Experimenting with voice on the web using the Web Speech Synthesis and Recognition API
The Web Speech API is one of those web technologies that no one ever talks about or writes about. In this blog post, we are going to take a closer look at what the API is capable of, what its limitations and strengths are, and how web developers can utilize it to enhance the user’s browsing experience.
“The Web Speech API enables you to incorporate voice data into web apps. The Web Speech API has two parts: SpeechSynthesis (Text-to-Speech), and SpeechRecognition (Asynchronous Speech Recognition)” — Mozilla Developer Network
Can the Web Speech API be used to interact with complex web forms? This is our research question for this blog post, and we are going to use both parts of the API to answer it. But let’s not get ahead of ourselves, let’s start by learning how the API actually works.

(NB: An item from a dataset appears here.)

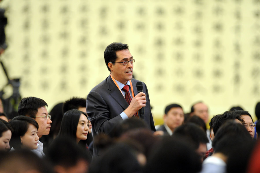 3月9日,卡塔爾半島電視臺記者提問。當日,十二屆全國人大一次會議舉行記者會,外交部部長楊潔篪就“中國的外交政策和對外關系”答中外記者問。新華網/中國政府網 陳競超 攝
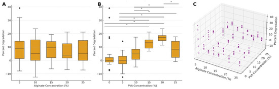 Percent degradation of constructs after 28 days in culture in response to varying concentrations of alginate and PVA. Box-and-whisker plots show percent degradation across alginate concentrations (A) and PVA concentrations (B), with boxes representing the interquartile range (IQR), and the lines indicating the median. Whiskers extend to the data range, and individual data points displayed as circles are outliers. A 3D scatter plot (C) illustrates the combined effects of alginate and PVA concentrations on percent degradation, offering an integrated view of their joint impact on material degradation. Asterisks denote statistical significance: * p < 0.05.

Making browsers talk with Speech Synthesis
Note: Left: Microsoft Edge | Right: Google Chrome
Demo: https://experiment-web-speech.now.sh/pages/blog.html
Controlling the browser’s voice using Speech Utterance
We are going to use the Speech Synthesis API to read out one of our previous blog posts. The speechSynthesis
interface is the service controller. This interface can be used to retrieve the available synthesis voices on the user’s device, play and pause the speech, and much more.
The SpeechSynthesisUtterance
interface represents a speech request. It contains the text that the speechSynthesis
service will read out, and it contains basic information like the voice’s pitch, volume, language, and rate.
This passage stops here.